Users don't actually perform the archive operation, they mark media objects as ready to be archived and a nightly cron job tags the object in the bucket to trigger a lifecycle rule. To mark objects as ready to archive, perform a bulk update where the archive_state property is set to to_archive:

bulk_update = {"archive_state": "to_archive"}
response = api.update_media_list(project_id, media_bulk_update=bulk_update)
print(response)

What happens next

After the user has set the archive_state flag to to_archive, the following happens:

  1. The next time the nightly cron job runs, the archive tag is added to the object in the bucket (e.g. S3) and is given the value true.
  2. The next time the lifecycle rule polls for new archive: true tags, it will run on those objects. Amazon S3 runs lifecycle rules once every day, but the timing is undocumented.
note

The actual result of the bucket's lifecycle rule depends on the project configuration. If the project does not have a backup bucket defined (either a deployment-wide default or a project-specific backup bucket), then the rule will be set up to transition the storage class from the previously defined live storage class to the archive storage class (e.g. DEEP_ARCHIVE for S3). If the project does have a backup bucket defined, then the rule will delete the object from the live bucket, leaving only the backup copy in the backup bucket (which usually defaults to a high-latency, low-cost storage class like DEEP_ARCHIVE).

Restore the media

Once archived, it is possible to restore media to the live state. The user does this the same way they archived the media, by performing a bulk update:

bulk_update = {"archive_state": "to_live"}
response = api.update_media_list(project_id, media_bulk_update=bulk_update)
print(response)

This value will be read by a cron job that will request that the object store temporarily move the object in question into the live storage class (e.g. STANDARD for S3). This request is asynchronous and can take up to 48 hours, so there is a second job that looks for the completion of this request and performs the final step to permanently restore the object in the live bucket and at the live storage class. After a user performs the bulk update to to_live, the order and rough timing of these steps is as follows:

  1. The next time the nightly request restoration cron job runs, it sends a request to temporarily restore the object to the live storage class in its current bucket (e.g. in the backup bucket, if the project has one, otherwise in the live bucket).
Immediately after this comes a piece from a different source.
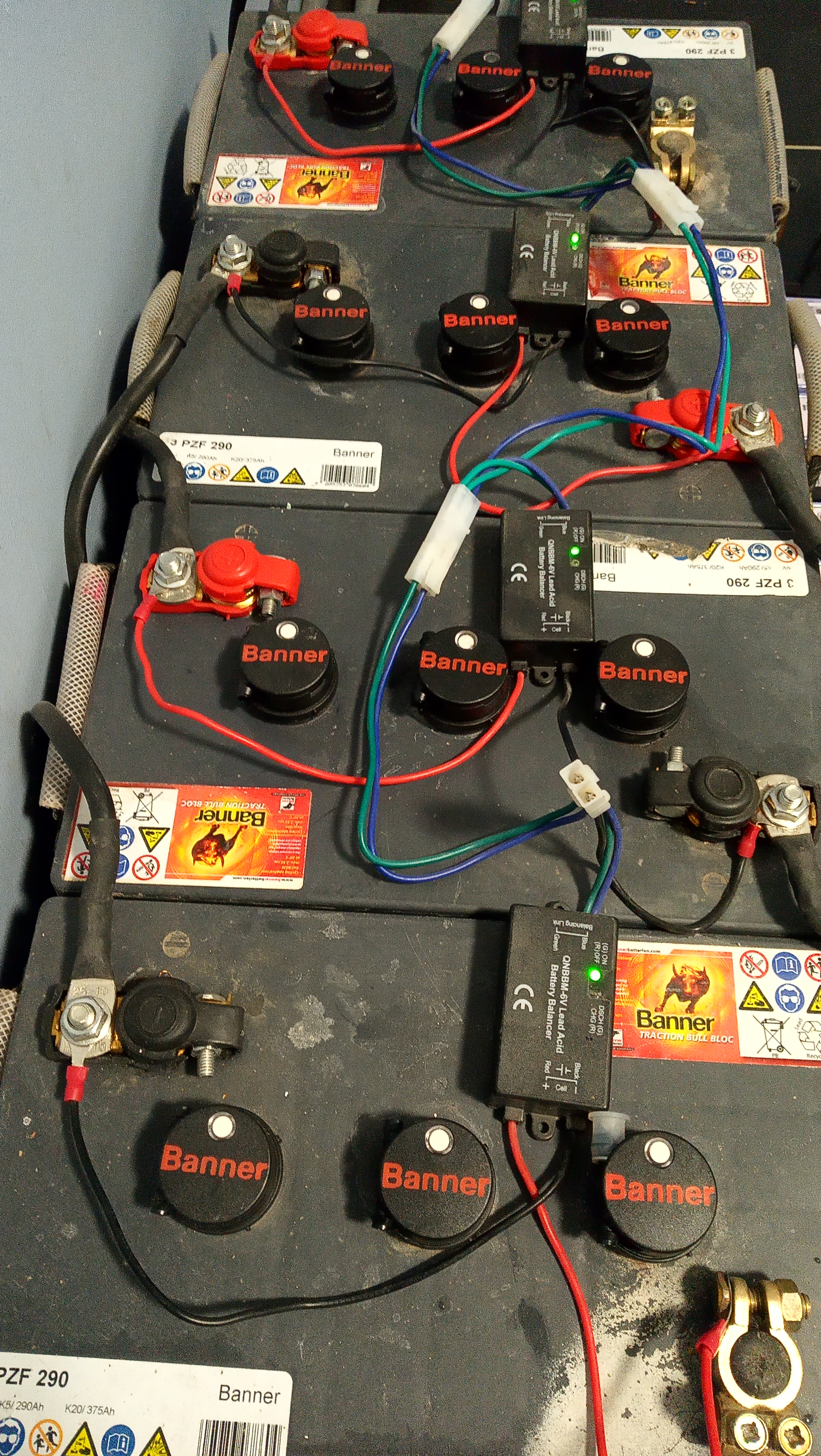 Nabízím k prodeji čtyři trakční baterie Banner 3PZF290 o kapacitě 6V 290Ah, zapojené do série 24V. Baterie jsou pět let používané, pravidelně udržované balancery a stále drží kapacitu přes 2 kWh. Jsou vybaveny ukazatelem hladiny elektrolytu a možností připojení hadic pro odvod plynů. Prodávám komplet s balancery nebo bez nich, vhodné pro offgrid systémy či záložní napájení. Osobní odběr v Opavsku, bez zasílání kvůli elektrolytu.
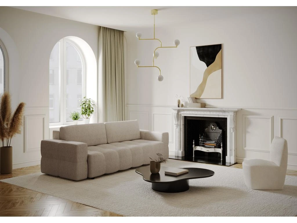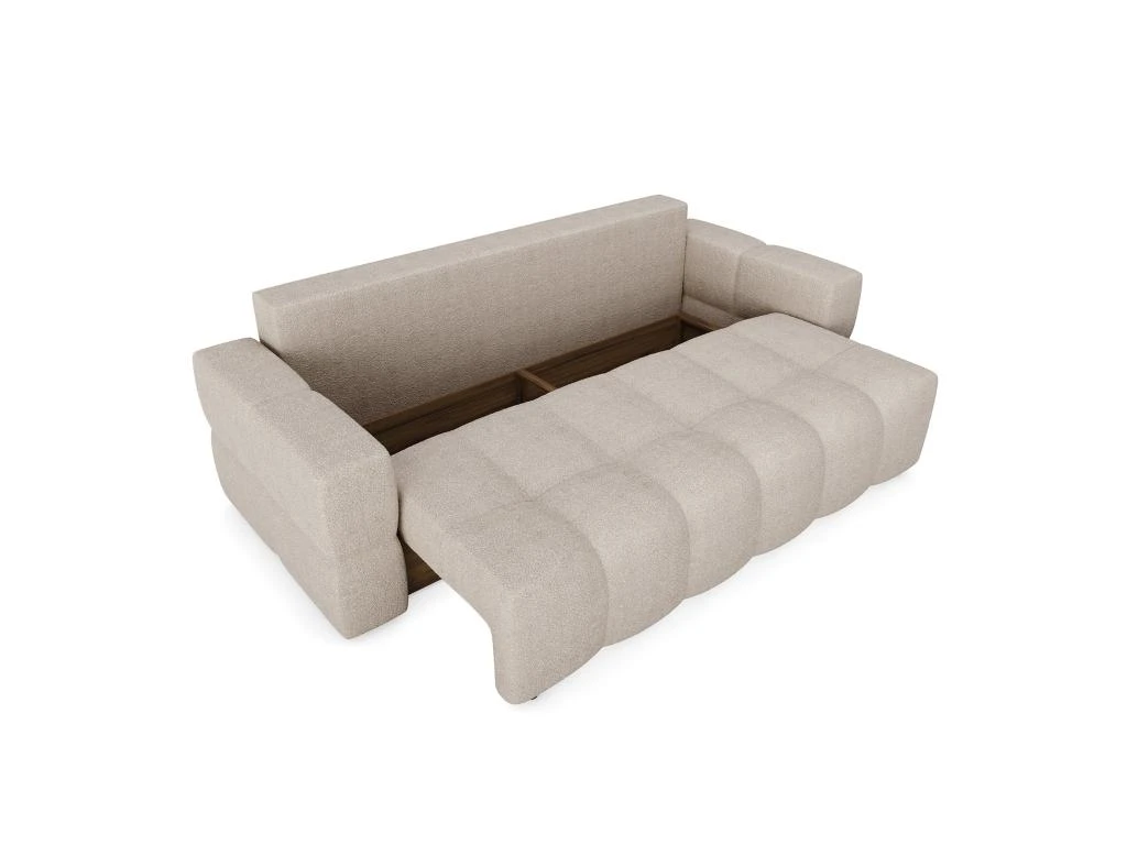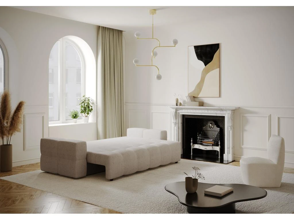 Les courbes design du canapé convertible Gabriel en feront la pièce maîtresse de votre salon. Spacieux et tendance, il vous apportera le confort absolu d’un couchage supplémentaire et le look idéal pour parfaire votre intérieur. Il est également dôté d’un élégant coffre de rangement finition effet noyer, aussi pratique qu’esthétique.

It also sets the restoration_requested flag on the media object to True, signaling the finish restoration cron job to run on this media.This process may take up to 48 hours, so it might take more than one day before the next step runs.
  2. Once the object is restored to the live (e.g. accessible) storage class, the next run of the finish restoration cron job will permanently restore the object to the live storage class. If the project has a backup bucket, this means the object will be copied from the backup bucket to the live bucket and the object in the backup bucket will "expire" and drop back into the archived storage class, leaving the backup intact.